I'm going to start a poll in Factory Forced Induction to see how many #4 failures are out there.
Scoob.
NavyBlueSubaru 09-11-2003, 11:34 AM The groupbuy is still going on if anybody is interested....feel free to pm me if you like.
Just last night i gave a local srt-4 owner a ride in my car, and i took him down the street and back, doing a few pulls in 1st, 2nd, and a little bit of 3rd. When we got back to the parking lot, he humbly said "yea, this is faster than my car". HAHA while I was getting on it through the gears he was like, "damn this thing is fast". I am currently assembling a W.I. Kit for his car, as he will be the first. He gave me a ride in his neon, too. It was ok. I wasn't super-impressed though, but it was still kinda fast. Traction wasnt as bad as i thought, but he was basically stock so thats why he didnt roast them in 1st from a roll. Anyhow The W.I. is getting bigger, and the word is getting out there, slowly but surely. Dont be afraid to ask questions, its definitely worth a look!
Jeff
turboICE 09-14-2003, 03:09 AM Originally posted by NavyBlueSubaru
Yes its basically the same kit, except the price i quoted was a rough estimate, it actually costs more. We are shipping better nozzles, more hose, and are also paying for shipping boxes. There is also "labor" involved, such as making the harnesses, and various other things that need to be done to get it all together. I spent like 10 hours last weekend just putting together 4 kits. I didnt get any sleep at all...i just stayed up through the night so that the kits could get out asap.

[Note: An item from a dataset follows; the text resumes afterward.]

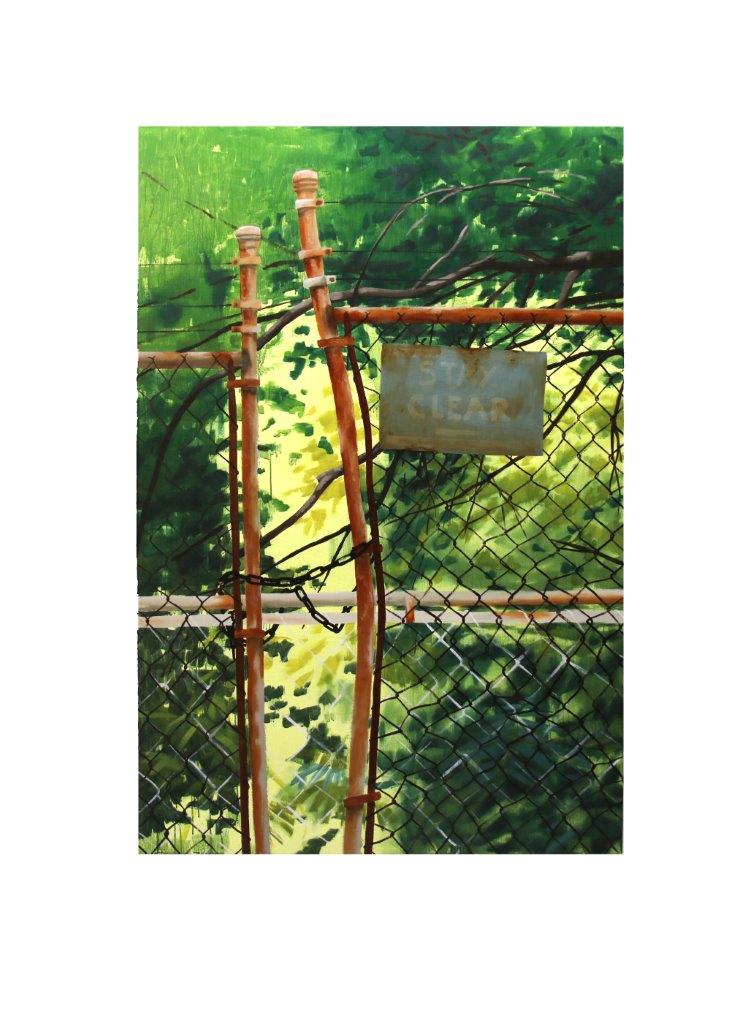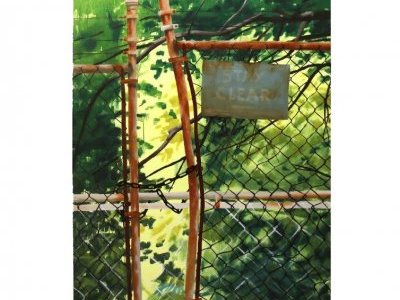 Chez Diego Herman la périphérie prend un sens littéral, c’est celle qui fait le tour, délimite, rigidifie l’espace qui nous entoure. Les grillages qu’il peint de manière obsessionnelle entravent tant les corps que la vue de l’horizon. Si le rideau de fer est lourd et nous parait inébranlable, Diego, par la lumière, la couleur qui prend le dessus et les trous dans la maille de métal nous offre un point de fuite, une place dans l’horizon.

I guess I was just confused by the criticism of buying $300 kits.
Oh, and the total cost of the system? around $150.
pump - $78 + 12 shipping = $90
nozzle - $3
solinoid - $35
switch - $2
wires - $3
fittings - $10
Hoses - $1
Total = $144 This is approx of course but nothing near the $300-$500 others are paying for "kits".
I would have thought volume orders of the parts would haver reduced the costs. In that thread you were basically saying how silly it was to buy kits.

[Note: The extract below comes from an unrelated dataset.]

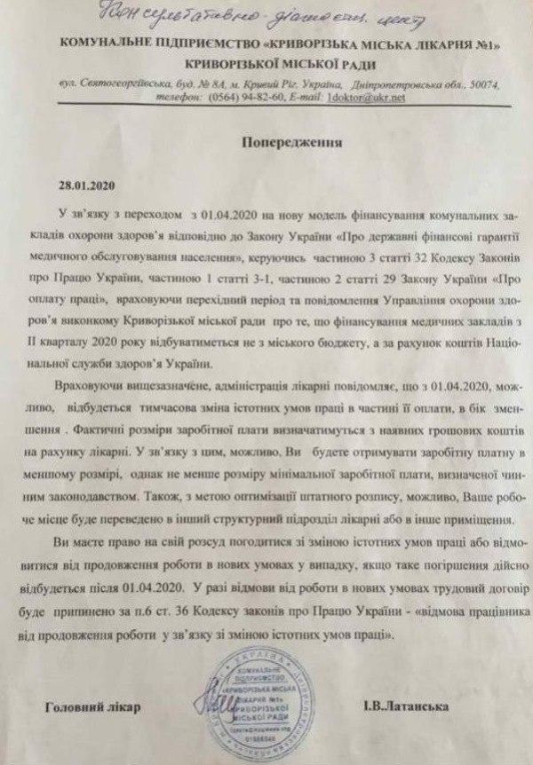 Во многих городах медики уже сегодня получают «письма счастья» от администрации, в которых говорится, что с 1 апреля зарплаты уменьшаются до минимальной, а тем, кто с этим не согласен, предлагают уволиться: «Согласно статье 32 КЗоТ Украины, работник имеет право на свое усмотрение согласиться с изменением существенных условий или отказаться от работы в новых условиях». Такие уведомления уже получили медработники в родном городе Зеленского – Кривом Роге, а также в Чернигове, Харькове и других населённых пунктах. Многие главврачи уже сейчас увольняют медсестёр и санитарок, сокращают койки и объединяют отделения, чтобы как-то сэкономить.

jigga 09-14-2003, 12:03 PM Originally posted by NavyBlueSubaru
The groupbuy is still going on if anybody is interested....feel free to pm me if you like.
I am currently assembling a W.I. Kit for his car, as he will be the first.

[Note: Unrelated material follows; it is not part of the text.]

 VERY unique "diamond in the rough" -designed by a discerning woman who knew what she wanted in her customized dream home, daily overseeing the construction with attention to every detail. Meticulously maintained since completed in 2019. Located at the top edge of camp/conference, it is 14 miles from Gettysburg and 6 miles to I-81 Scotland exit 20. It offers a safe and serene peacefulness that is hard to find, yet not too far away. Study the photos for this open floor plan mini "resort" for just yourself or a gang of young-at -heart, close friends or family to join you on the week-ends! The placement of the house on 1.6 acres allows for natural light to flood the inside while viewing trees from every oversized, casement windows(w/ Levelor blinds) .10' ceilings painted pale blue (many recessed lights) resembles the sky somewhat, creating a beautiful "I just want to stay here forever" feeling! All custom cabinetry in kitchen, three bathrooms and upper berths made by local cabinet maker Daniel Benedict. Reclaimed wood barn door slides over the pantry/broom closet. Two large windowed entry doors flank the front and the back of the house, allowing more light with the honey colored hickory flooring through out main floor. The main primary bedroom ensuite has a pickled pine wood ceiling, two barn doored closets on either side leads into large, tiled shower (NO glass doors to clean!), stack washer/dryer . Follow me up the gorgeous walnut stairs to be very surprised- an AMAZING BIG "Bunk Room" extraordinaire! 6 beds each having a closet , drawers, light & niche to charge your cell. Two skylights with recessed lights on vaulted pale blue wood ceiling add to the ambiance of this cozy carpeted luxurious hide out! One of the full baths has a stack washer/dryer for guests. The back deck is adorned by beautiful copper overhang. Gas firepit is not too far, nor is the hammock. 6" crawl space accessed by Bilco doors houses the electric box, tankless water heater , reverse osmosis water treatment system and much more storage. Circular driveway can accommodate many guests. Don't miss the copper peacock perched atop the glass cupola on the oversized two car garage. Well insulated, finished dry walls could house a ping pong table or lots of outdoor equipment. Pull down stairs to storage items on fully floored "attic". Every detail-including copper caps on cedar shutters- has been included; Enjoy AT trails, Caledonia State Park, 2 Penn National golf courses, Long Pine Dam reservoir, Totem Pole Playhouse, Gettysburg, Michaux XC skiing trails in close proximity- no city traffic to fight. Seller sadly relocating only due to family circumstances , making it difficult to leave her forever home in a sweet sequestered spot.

ummm.....Jeff, any word on my kit yet? Last message from you was that you were expecting solenoids last week, but have not heard from you since:(
Femi
NavyBlueSubaru 09-15-2003, 07:01 AM The current word on the kits is this:
UPS was nice enough to ship our package to the wrong address, and then lose track of where it went. They are currently claiming that they are attempting to find it but as of right now we are screwed because our stuff should have been here about 2 weeks ago and they are still in never-never land. Nick is ordering some replacement parts today and having them shipped overnight so Your kit will be complete as soon as a solenoid comes in for you. Thats what we are missing thanks to ups. It is out of our control but tomorrow we should be back on track. Believe me, this is really killing us too. I'll pm you as soon as i know it is shipped out.
But honestly all we are waiting for is the solenoid, which ups lost a week ago and its fumbling around like a bunch of itiots.
Jeff
Bolster 09-15-2003, 08:41 AM Originally posted by NavyBlueSubaru
The current word on the kits is this:
UPS was nice enough to ship our package to the wrong address, and then lose track of where it went. They are currently claiming that they are attempting to find it but as of right now we are screwed because our stuff should have been here about 2 weeks ago and they are still in never-never land. Nick is ordering some replacement parts today and having them shipped overnight so Your kit will be complete as soon as a solenoid comes in for you. Thats what we are missing thanks to ups. It is out of our control but tomorrow we should be back on track. Believe me, this is really killing us too. I'll pm you as soon as i know it is shipped out.
But honestly all we are waiting for is the solenoid, which ups lost a week ago and its fumbling around like a bunch of itiots.
Jeff
What can Brown do for you?
turboICE 09-15-2003, 09:51 AM UPS must monitor group buys - I can't think of one that didn't have a UPS hangup.